JoshuaFox comments on A definition of wireheading - Less Wrong

35 Post author: Anja 27 November 2012 07:31PM

You are viewing a comment permalink. View the original post to see all comments and the full post content.

Comments (80)

You are viewing a single comment's thread. Show more comments above.

Comment author: timtyler 28 November 2012 11:47:52PM *  5 points [-]

My 2011 "Utility counterfeiting" essay categorises the area a little differently:

It has "utility counterfeiting" as the umbrella category - and "the wirehead problem" and "the pornography problem" as sub-categories.

In this categorisation scheme, the wirehead problem involves getting utility directly - while the ponography problem involves getting utility by manipulating sensory inputs. This corresponds to Nozick's experience machine, or Ring and Orseau's delusion box.

Calling the umbrella category "wireheading" leaves you with the problem of what to call these subcategories.

Comment author: JoshuaFox 02 December 2012 02:47:10PM *  0 points [-]

Anja, nice post.

@timtyler, you have made a nice point about taxonomy --- also noting your comment re Hibbard below.

I suggest classifying like this:

  • Agents that maximize a utility register, a memory location that can be hijacked (as Utilitron; something similar happened with Eurisko).

  • Agents that maximize an internally-calculated utility function of either input (observations) or of world-model. Agents that maximize a function of the input stream can hijack that input stream or any point in the pipeline of calculations that produces this number. Drugs and electrical wireheading relate to this.

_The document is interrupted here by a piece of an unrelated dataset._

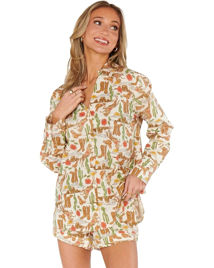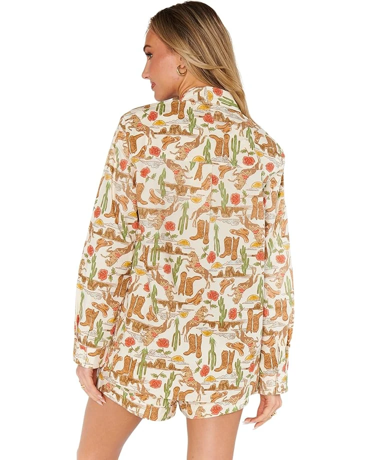 - Bed meets babe in this fashionable jammie set! Cozy cotton and its rodeo escape graphic elevate this set so you can take it from sheets to streets by simply swapping the shorts for your fave denim! The shirt features a collared neck, button-down closure on the front, long sleeves, and allover printed details. The matching shorts come with an elasticated waist for a comfortable fit.

  • Agents that maximize a reward provided from the outside, whether from the creator or the the environment at large. The reward function may be unknown to the agent. These agents can hijack the reward stream.

All these are distinct from:

  • Wireheading in humans, which as Eliezer points out, results from different desires of different mental parts.

  • Paperclippers, which could naively be seen as wireheading if we falsely liken its simplistic behavior to a human who is satisfying a simple pleasure sensation as opposed to a more complex value system: "Why are you going wild with stimulating your cravings for making paperclips, like humans who overeat, rather than considering more deeply what would be the right thing do?"